What makes you so certain that Tesla has so much more ability to execute than
the big three auto companies? They're years and years behind in the "deliver a
few people electric cars" race
(<http://en.wikipedia.org/wiki/Who_Killed_the_Electric_Car>). And based on the
executive turnover at Tesla, how could anyone really be sure that the
leadership there is stable enough to be trusted to actually make good on a
government loan?

I know the Roadster is awesome, and I agree with most of your points about it
being at least a legit, innovative, and potentially affordable venture.
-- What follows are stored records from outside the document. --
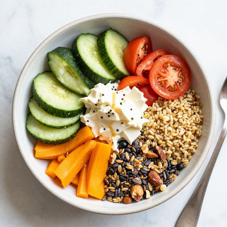 Comida vibrant vegan bowl filled with colorful fresh vegetables, grains, nuts, and seeds, bright natural light, health-focused aesthetic, rustic ceramic bowl, overhead composition
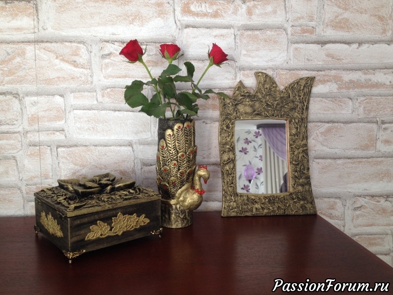 Зеркало если пойдет в комплекте со шкатулкой то может добавить цветов букетиком на нижний уголок-где побольше места-в такой же тонировке.
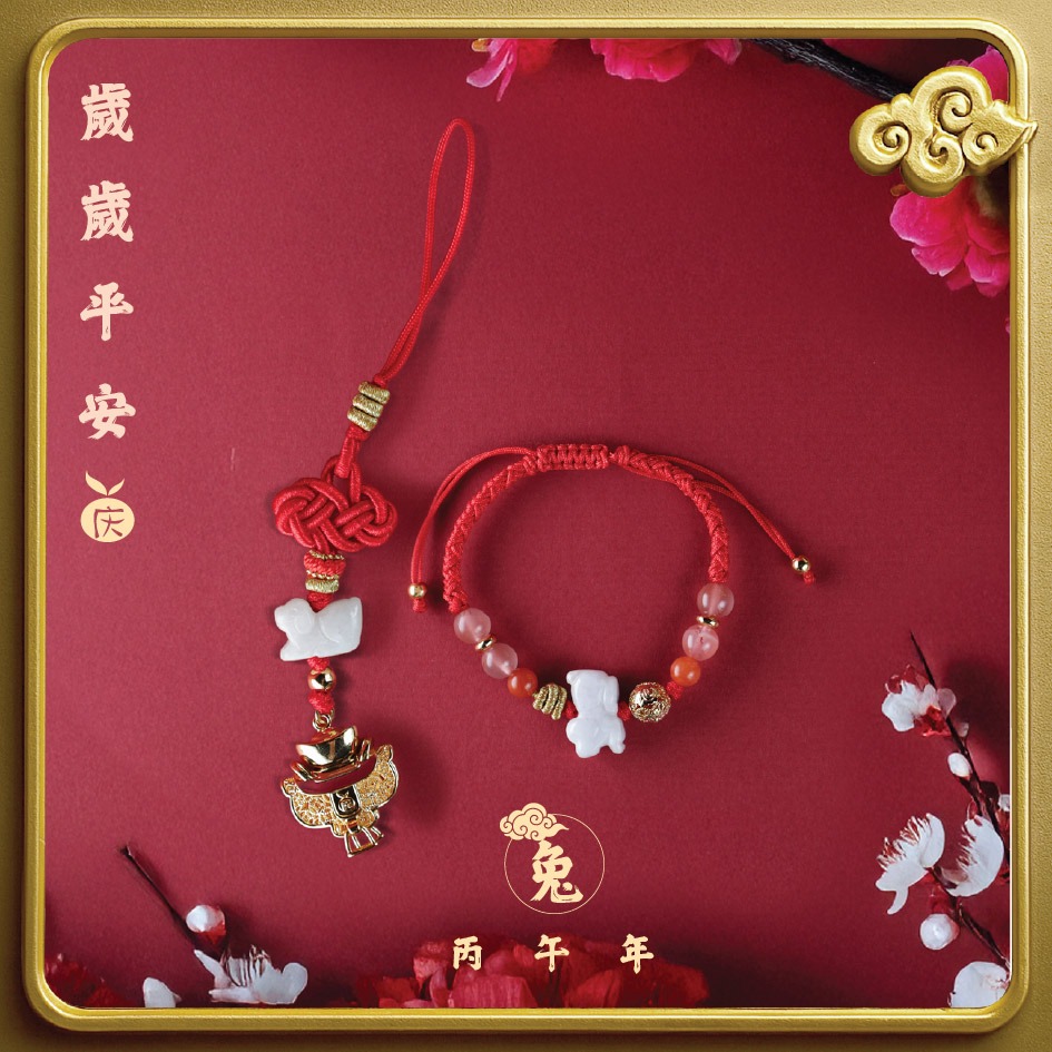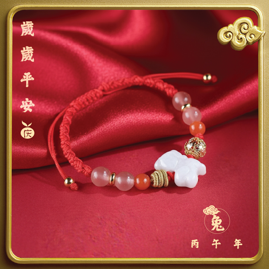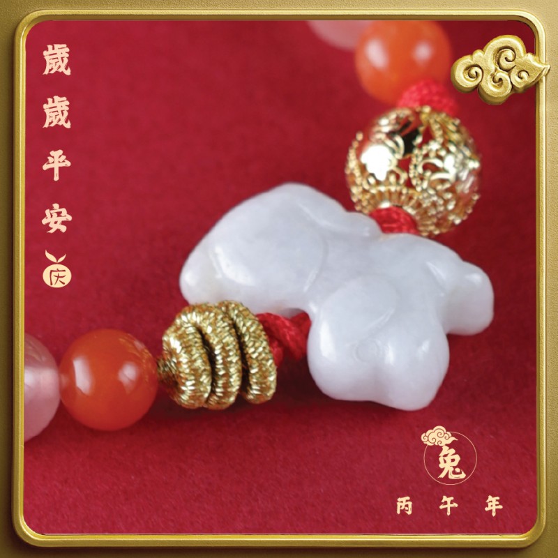 四款專為犯太歲生肖(馬、鼠、兔、牛)設計的「鴻運當頭隨身手繩」,每款均配有一至兩枚優質 A 玉雕制的生肖玉石,助力化解流年衝擊,增添福澤。
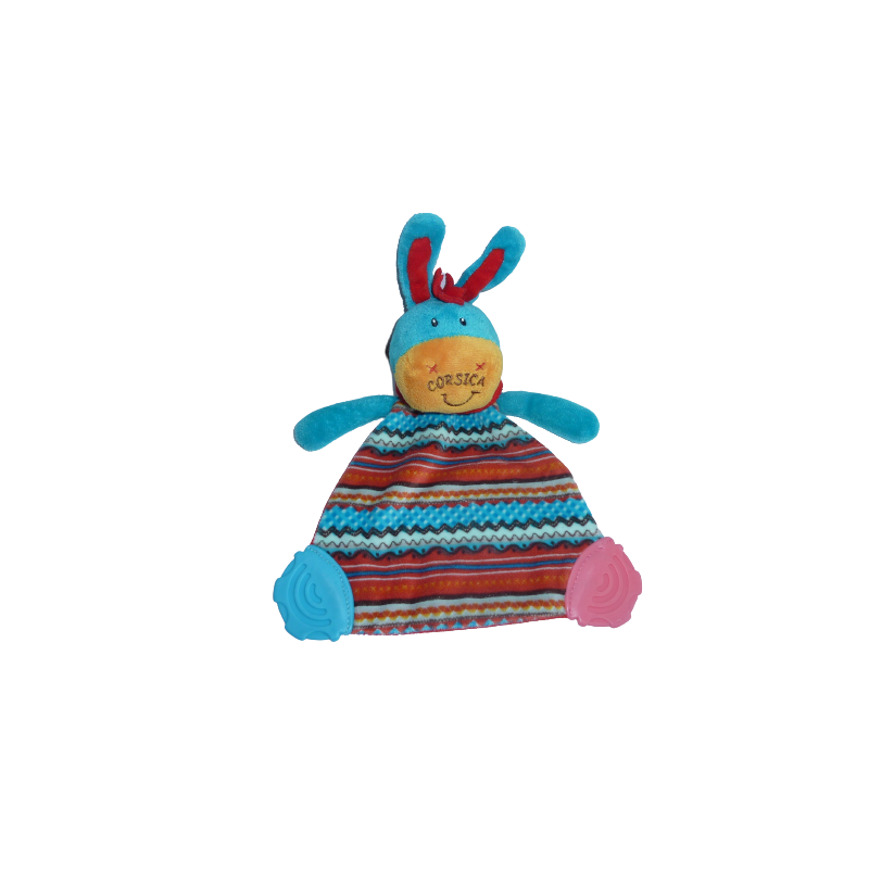 Doudou plat âne 32 cm environ, grelot, anneaux de dentition, matière bruissante, multicolore. Etat : Très bon état. DOUDOU DIFFICILE A TROUVERRecipient :

But
you kind of omit the part of the argument about why Tesla deserves it and the
other companies don't...

------
sarvesh
Randall is really short sighted
([http://www.nytimes.com/2008/11/30/business/30digi.html?_r=1&...](http://www.nytimes.com/2008/11/30/business/30digi.html?_r=1&ref=business)).
The big three want to be bailed out using this fund which defeats the whole
purpose of why this fund was started in the first place. I don't see how
giving this money to the big three will help anyone. They will go on to build
those big SUVs and will need more money in six months. The jobs that would be
saved will be at stake again.

Jobs at companies like Tesla are more likely to stay. I personally would like
my tax dollars going to someone like Telsa rather than GM.